Required action
Only the lines from the start of the entries through the line with "of England. |" are wanted; please output them exactly.

[Stored entries]

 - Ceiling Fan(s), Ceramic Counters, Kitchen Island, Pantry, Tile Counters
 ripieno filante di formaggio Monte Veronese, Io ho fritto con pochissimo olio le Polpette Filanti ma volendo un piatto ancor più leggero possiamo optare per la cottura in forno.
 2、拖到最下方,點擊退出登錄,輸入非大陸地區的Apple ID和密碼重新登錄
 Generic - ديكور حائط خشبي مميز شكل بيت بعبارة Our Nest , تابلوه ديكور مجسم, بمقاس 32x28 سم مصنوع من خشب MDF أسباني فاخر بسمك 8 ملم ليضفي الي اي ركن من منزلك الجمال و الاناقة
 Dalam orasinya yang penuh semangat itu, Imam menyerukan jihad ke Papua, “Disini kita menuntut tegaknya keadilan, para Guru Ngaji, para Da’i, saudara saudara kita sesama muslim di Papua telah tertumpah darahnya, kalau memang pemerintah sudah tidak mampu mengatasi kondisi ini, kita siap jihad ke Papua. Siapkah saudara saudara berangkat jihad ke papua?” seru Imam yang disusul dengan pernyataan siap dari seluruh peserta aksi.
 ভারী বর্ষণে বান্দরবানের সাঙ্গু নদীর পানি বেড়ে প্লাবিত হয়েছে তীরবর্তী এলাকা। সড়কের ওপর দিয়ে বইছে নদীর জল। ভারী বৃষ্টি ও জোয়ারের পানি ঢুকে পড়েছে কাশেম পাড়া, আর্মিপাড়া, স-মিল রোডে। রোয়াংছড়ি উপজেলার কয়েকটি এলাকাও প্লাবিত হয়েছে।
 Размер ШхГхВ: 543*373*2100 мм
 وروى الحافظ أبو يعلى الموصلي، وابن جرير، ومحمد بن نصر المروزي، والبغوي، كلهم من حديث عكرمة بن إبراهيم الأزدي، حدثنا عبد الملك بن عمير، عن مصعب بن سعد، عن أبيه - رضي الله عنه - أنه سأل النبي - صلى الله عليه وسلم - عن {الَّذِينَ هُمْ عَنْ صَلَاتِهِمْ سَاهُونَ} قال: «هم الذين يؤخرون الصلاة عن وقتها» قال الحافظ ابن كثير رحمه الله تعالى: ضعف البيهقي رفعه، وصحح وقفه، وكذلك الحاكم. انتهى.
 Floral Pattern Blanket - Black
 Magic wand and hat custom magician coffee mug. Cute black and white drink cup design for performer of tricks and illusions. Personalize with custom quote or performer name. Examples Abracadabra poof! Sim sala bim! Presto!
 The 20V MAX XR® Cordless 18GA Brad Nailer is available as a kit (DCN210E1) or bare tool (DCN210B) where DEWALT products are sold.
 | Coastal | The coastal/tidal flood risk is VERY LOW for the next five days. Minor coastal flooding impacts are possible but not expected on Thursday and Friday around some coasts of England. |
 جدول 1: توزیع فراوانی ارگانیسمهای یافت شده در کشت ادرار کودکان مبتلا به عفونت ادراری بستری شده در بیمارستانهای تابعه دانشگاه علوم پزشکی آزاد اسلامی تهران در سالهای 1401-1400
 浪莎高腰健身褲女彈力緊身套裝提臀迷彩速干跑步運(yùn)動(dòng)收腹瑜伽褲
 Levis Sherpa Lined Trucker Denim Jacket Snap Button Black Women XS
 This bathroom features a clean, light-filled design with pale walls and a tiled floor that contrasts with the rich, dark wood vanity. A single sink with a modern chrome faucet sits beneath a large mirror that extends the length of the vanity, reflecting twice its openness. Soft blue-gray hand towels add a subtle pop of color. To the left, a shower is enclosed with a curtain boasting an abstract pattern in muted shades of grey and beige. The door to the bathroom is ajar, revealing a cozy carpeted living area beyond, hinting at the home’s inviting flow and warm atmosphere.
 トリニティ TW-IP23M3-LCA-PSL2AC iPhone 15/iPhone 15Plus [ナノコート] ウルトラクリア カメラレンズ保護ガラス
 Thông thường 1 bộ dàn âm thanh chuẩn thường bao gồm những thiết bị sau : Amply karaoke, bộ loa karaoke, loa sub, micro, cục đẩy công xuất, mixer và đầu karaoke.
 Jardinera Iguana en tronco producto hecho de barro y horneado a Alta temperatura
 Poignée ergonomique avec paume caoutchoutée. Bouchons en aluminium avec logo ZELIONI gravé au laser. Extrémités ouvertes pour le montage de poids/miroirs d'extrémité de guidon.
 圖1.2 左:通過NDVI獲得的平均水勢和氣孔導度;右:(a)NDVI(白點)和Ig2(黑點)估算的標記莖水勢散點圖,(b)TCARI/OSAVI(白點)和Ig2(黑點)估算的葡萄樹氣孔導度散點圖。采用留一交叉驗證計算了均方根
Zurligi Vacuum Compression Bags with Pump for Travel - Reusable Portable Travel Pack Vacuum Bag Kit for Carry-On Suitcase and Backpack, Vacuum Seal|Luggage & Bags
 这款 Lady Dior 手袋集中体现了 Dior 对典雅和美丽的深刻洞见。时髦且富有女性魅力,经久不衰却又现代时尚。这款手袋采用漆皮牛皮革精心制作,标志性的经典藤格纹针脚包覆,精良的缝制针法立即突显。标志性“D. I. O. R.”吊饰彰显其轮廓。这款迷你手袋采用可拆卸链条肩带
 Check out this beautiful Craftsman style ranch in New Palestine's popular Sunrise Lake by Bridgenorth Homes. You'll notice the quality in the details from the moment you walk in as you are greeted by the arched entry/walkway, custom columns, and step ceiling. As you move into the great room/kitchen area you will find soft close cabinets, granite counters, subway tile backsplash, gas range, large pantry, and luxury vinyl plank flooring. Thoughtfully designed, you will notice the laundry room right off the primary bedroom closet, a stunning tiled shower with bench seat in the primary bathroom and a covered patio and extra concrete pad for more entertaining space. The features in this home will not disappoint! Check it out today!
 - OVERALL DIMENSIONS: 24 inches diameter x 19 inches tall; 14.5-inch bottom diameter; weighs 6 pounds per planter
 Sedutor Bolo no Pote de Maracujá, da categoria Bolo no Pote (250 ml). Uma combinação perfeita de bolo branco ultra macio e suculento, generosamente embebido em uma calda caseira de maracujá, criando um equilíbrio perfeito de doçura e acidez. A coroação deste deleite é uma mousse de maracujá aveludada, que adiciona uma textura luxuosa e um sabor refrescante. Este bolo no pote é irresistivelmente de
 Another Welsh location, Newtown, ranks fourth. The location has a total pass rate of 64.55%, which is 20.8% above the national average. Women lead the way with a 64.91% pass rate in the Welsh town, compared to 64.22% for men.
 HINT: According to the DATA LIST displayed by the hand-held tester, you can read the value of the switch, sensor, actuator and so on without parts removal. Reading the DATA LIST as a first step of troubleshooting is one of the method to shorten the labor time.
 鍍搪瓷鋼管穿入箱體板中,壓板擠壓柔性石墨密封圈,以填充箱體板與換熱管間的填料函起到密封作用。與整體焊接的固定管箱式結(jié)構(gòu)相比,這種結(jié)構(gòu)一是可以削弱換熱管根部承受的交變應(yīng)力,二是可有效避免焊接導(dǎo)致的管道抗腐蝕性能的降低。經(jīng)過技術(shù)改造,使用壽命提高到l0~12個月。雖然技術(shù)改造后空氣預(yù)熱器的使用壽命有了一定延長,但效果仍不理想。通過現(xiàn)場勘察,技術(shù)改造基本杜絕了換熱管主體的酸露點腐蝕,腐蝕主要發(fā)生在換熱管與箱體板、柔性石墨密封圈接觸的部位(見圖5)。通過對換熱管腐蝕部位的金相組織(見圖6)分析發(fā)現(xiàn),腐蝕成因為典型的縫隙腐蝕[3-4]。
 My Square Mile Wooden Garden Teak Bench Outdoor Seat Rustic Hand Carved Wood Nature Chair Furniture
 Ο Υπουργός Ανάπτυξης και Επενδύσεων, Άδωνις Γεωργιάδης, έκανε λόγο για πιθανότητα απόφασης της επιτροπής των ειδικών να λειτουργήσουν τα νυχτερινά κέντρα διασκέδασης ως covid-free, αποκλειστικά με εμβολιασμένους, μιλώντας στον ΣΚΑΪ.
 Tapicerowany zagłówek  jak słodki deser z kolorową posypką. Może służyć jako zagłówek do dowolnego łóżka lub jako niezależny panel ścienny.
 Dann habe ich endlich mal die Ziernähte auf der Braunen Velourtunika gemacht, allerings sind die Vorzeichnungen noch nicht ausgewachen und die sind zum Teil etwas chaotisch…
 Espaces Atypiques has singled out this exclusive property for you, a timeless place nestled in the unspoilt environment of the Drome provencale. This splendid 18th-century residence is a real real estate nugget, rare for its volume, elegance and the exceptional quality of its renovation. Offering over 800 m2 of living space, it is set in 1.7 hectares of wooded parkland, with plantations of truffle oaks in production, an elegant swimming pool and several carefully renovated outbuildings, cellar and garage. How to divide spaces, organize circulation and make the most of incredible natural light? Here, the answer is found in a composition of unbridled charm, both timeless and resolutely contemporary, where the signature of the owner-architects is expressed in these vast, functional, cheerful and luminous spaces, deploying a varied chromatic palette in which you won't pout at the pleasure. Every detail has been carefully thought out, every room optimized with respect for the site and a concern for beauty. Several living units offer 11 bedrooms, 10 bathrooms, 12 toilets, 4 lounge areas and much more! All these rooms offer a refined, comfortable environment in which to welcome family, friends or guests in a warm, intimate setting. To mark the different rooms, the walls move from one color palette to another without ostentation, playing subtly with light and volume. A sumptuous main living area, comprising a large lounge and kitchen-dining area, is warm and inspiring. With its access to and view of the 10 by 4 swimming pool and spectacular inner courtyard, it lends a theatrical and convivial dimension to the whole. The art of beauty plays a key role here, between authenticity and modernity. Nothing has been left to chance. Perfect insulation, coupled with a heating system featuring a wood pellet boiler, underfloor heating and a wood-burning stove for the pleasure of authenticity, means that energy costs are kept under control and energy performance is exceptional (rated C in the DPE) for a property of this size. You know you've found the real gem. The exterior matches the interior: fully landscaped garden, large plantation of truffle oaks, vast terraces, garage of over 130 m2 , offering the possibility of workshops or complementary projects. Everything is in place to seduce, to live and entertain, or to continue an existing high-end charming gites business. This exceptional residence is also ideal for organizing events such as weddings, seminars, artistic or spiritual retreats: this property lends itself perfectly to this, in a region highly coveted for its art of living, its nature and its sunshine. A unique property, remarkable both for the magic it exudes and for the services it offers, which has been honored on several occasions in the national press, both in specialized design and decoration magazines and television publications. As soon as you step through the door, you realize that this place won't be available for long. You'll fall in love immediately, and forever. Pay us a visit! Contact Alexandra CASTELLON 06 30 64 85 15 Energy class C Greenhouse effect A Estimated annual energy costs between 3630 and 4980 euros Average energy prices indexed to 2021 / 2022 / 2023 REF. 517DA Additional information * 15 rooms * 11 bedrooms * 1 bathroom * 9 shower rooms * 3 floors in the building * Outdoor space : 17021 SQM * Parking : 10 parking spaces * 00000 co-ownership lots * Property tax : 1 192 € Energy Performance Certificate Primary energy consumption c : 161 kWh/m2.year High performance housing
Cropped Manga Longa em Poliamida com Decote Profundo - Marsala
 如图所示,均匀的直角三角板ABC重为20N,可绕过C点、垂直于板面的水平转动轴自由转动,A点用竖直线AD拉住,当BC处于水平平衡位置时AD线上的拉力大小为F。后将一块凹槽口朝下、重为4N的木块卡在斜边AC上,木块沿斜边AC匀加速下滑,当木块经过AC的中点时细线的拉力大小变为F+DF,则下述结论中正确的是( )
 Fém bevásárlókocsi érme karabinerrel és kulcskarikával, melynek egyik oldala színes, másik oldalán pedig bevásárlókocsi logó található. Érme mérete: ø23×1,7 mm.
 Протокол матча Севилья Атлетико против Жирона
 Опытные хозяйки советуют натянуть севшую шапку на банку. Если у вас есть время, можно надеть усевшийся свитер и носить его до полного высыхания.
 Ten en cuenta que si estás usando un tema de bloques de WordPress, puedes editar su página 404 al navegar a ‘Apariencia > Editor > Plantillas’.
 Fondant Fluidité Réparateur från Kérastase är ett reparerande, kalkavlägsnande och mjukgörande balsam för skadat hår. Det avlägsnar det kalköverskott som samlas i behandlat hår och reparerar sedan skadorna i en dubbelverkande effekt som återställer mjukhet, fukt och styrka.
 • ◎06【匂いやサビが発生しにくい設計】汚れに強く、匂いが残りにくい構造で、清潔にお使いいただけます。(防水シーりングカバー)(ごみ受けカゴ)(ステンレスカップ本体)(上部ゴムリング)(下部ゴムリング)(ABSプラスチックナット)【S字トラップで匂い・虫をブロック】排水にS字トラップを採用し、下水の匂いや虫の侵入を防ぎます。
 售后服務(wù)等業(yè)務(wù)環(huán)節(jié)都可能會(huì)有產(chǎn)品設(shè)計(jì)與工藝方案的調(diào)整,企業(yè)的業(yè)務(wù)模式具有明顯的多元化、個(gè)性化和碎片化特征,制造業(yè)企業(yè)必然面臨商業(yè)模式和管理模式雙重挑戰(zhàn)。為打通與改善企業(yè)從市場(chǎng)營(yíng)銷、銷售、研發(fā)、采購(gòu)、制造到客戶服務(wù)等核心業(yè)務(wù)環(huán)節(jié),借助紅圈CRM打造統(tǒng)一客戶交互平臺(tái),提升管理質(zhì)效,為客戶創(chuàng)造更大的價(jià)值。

Completed exercise
 - Ceiling Fan(s), Ceramic Counters, Kitchen Island, Pantry, Tile Counters
 ripieno filante di formaggio Monte Veronese, Io ho fritto con pochissimo olio le Polpette Filanti ma volendo un piatto ancor più leggero possiamo optare per la cottura in forno.
 2、拖到最下方,點擊退出登錄,輸入非大陸地區的Apple ID和密碼重新登錄
 Generic - ديكور حائط خشبي مميز شكل بيت بعبارة Our Nest , تابلوه ديكور مجسم, بمقاس 32x28 سم مصنوع من خشب MDF أسباني فاخر بسمك 8 ملم ليضفي الي اي ركن من منزلك الجمال و الاناقة
 Dalam orasinya yang penuh semangat itu, Imam menyerukan jihad ke Papua, “Disini kita menuntut tegaknya keadilan, para Guru Ngaji, para Da’i, saudara saudara kita sesama muslim di Papua telah tertumpah darahnya, kalau memang pemerintah sudah tidak mampu mengatasi kondisi ini, kita siap jihad ke Papua. Siapkah saudara saudara berangkat jihad ke papua?” seru Imam yang disusul dengan pernyataan siap dari seluruh peserta aksi.
 ভারী বর্ষণে বান্দরবানের সাঙ্গু নদীর পানি বেড়ে প্লাবিত হয়েছে তীরবর্তী এলাকা। সড়কের ওপর দিয়ে বইছে নদীর জল। ভারী বৃষ্টি ও জোয়ারের পানি ঢুকে পড়েছে কাশেম পাড়া, আর্মিপাড়া, স-মিল রোডে। রোয়াংছড়ি উপজেলার কয়েকটি এলাকাও প্লাবিত হয়েছে।
 Размер ШхГхВ: 543*373*2100 мм
 وروى الحافظ أبو يعلى الموصلي، وابن جرير، ومحمد بن نصر المروزي، والبغوي، كلهم من حديث عكرمة بن إبراهيم الأزدي، حدثنا عبد الملك بن عمير، عن مصعب بن سعد، عن أبيه - رضي الله عنه - أنه سأل النبي - صلى الله عليه وسلم - عن {الَّذِينَ هُمْ عَنْ صَلَاتِهِمْ سَاهُونَ} قال: «هم الذين يؤخرون الصلاة عن وقتها» قال الحافظ ابن كثير رحمه الله تعالى: ضعف البيهقي رفعه، وصحح وقفه، وكذلك الحاكم. انتهى.
 Floral Pattern Blanket - Black
 Magic wand and hat custom magician coffee mug. Cute black and white drink cup design for performer of tricks and illusions. Personalize with custom quote or performer name. Examples Abracadabra poof! Sim sala bim! Presto!
 The 20V MAX XR® Cordless 18GA Brad Nailer is available as a kit (DCN210E1) or bare tool (DCN210B) where DEWALT products are sold.
 | Coastal | The coastal/tidal flood risk is VERY LOW for the next five days. Minor coastal flooding impacts are possible but not expected on Thursday and Friday around some coasts of England. |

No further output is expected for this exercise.